(1.) SUIT filed by the plaintiff was decreed by the trial court and vide same judgment and decree dated 21.02.2012, counter claim preferred by defendant No.1 i.e. Resham Kaur was dismissed. Being aggrieved, defendant No.1 -Resham Kaur preferred two separate appeals which were dismissed by learned first appellate court vide judgment and decree dated 19.12.2012. That is how, defendant No.1 is before this Court in these two Regular Second Appeals. Parties to the lis, hereinafter, would be referred to by their original positions in the suit. In a suit filed by plaintiff -Harbhajan Singh, he claimed a decree for injunction simpliciter, restraining the defendants from interfering in his peaceful possession over the land measuring 4 kanal 3 marlas, situated at village Palli Jhikki, Tehsil and District Nawanshahr.

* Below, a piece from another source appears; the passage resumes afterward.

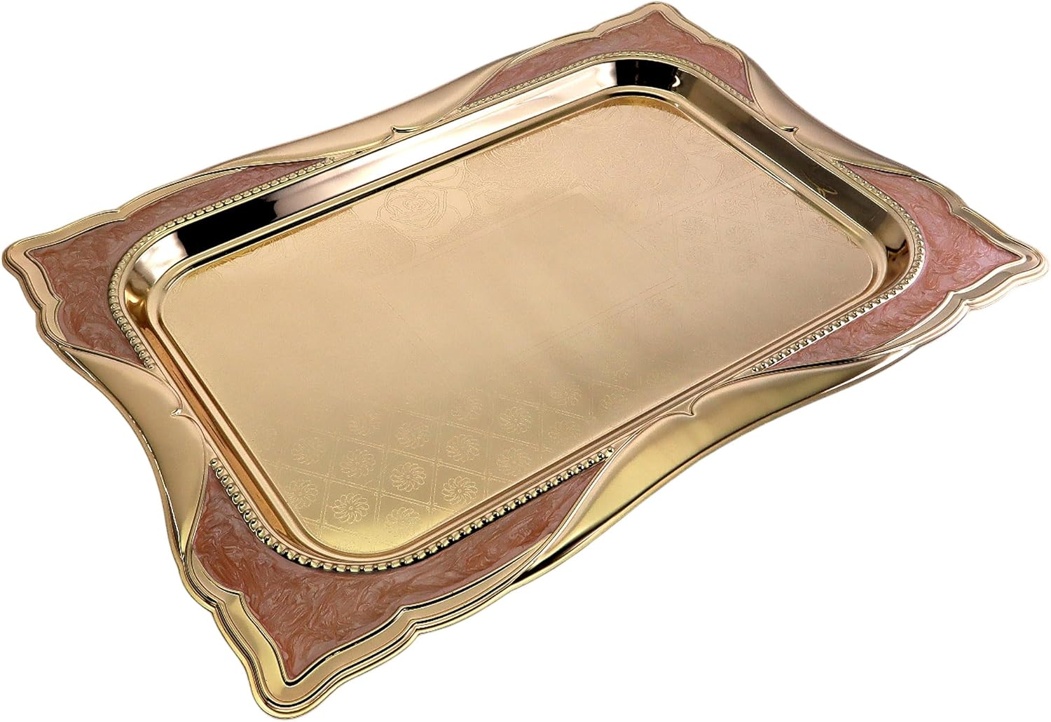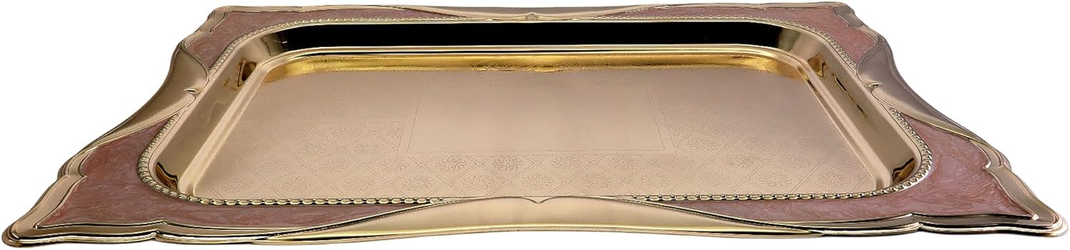 Pack of 1 elegant serving trays, outside dimension: 44 cm x 32 cm (or 17.3 inch x 12.6 inch), inside dimension: 33.2 cm x 21 cm (or 13.1 Inch x 8.3 Inch). (Tray size only; handle size is NOT included.)

It was averred that Chinta, father of the plaintiff, was the owner in possession of the suit property and he sold the same to the plaintiff vide registered sale deed dated 09.06.2003. Accordingly, plaintiff was put in possession of the suit land and since then, he continues to be in actual physical possession thereof and has sown the janter crop in the said land. It was maintained that the suit land was the self -acquired property of Chinta. Defendant No.1 happened to be the widow of the real brother of the plaintiff and defendants No.2 and 3 were her daughters. Father of the plaintiff, vide registered sale deed dated 09.10.1991, had also transferred the land measuring 4 kanal 9 marlas in favour of Amar Nath. Post death of Amar Nath on 07.07.2002, defendants being his heirs have succeeded to his estate. Thus, they had no right, title or interest in the suit property.

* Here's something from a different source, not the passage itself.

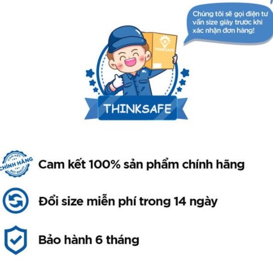 Giày bảo hộ lao động NTT được bảo hành chính hãng tại ThinkSafe trong thời gian 6 tháng đối với các lỗi do nhà sản xuất như: Bung keo, đứt chỉ, bục kế... Bên cạnh đó, chúng tôi có chính sách đổi size linh hoạt lên tới 15 ngày tại văn phòng ThinkSafe. Trường hợp khách ở xa, chúng tôi luôn hỗ trợ phí vận chuyển 1 chiều.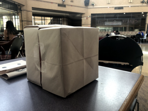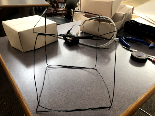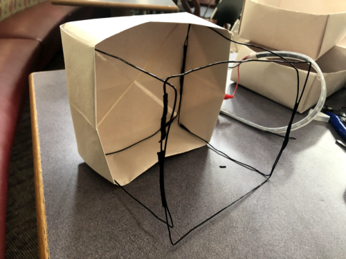 Using the strong wire, create a frame for the origami boxes. I created 4 squares that matched the perimeter of the square face of the origami boxes. I taped the 4 squares side by side, and taped the first and last square’s sides together in order to make the frame.

(2.) DEFENDANTS pleaded, inter alia, that although the suit property was owned by Chinta, but he had bequeathed the suit land in favour of defendant No.1 in a family settlement after her marriage with Amar Nath i.e. about 24 years back, as Amar Nath was not keeping good health. In fact, the suit land was given to defendant No.1 in recognition of her pre -existing right of maintenance by way of family settlement. Since the land in question was a Joint Hindu Family property in the hands of Chinta, he had no right to execute the sale deed in favour of the plaintiff.
(3.) BEING dissatisfied with the said decree, defendant No.1 filed two separate appeals. Learned first appellate court reviewed the matter in issue, evidence on record and on an analysis thereof found itself in concurrence with the view drawn by the trial court and the findings recorded in support thereof. It was reiterated that the sale deed dated 09.06.2003, executed by Chinta in favour of the plaintiff, are duly proved. Defendants had failed to prove that the property, indeed, was ancestral in the hands of Chinta. Possession of the plaintiff was found to have been proved on the basis of the statement of none other than defendant No.1 herself (Ex.P8). Nothing was brought on record by her to substantiate that she had actually acquired title in the suit property pursuant to any family settlement between Chinta and herself. In any case, she did not choose to appear in the witness box and depose in support of her case. Accordingly, appeals being bereft of merit were dismissed.